I think I've grown up a lot, but I still haven't let my younger side out of me, I'm still just a crying baby wanting Mummy, that's shameful, but at the same time I can't feel any different after all that's happened. Croix changing like that really shook me up, I didn't expect my girlfriend or whatever she is now to turn out like that.

"Do you think she still loves me?" I ask Mum.

"Of course she will, she won't stop loving you because of this, Croix isn't a bad person, she's a good person, it was just the stress of the moment, soon she'll be back with you and all this will pass" I keep getting pats on the back, which makes me feel a little less bad.

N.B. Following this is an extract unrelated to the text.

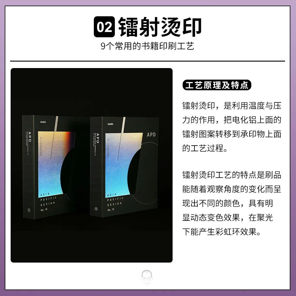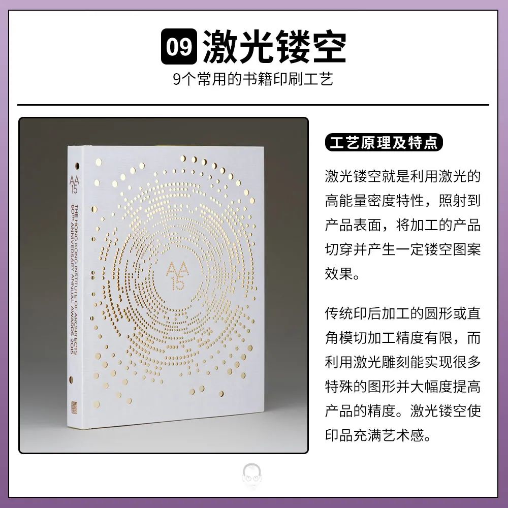 今天整理了9个常用的书籍印刷工艺,分别有:烫金工艺、镭射烫印、覆膜工艺、模切工艺、局部UV、压凹工艺、击凸工艺、刷边工艺、激光镂空。

"I'm scared of everything, I'm scared of having to see what Woodward predicted come true, of having this burden, this weight, I didn't want to do this, I just wanted to be the Shiny Chariot, to perform on stage, to cheer up the children, not to have a mission in my hands that was never mine, I feel like a thief having this, I don't deserve it mum... I never cared about that" I cry for a while and she wipes my tears away again.

"Don't say that! You both deserved it, Woodward wouldn't give you up because you don't deserve it, she saw the potential in you, and that phrase that Croix always says, your magic is believing in yourself, that thing you say every show? Put a little smile on your face, you're no less than Croix for being chosen, I know you could both be chosen for your qualities, now let's cheer up a bit with something else, shall we girl?" I nod my head in agreement.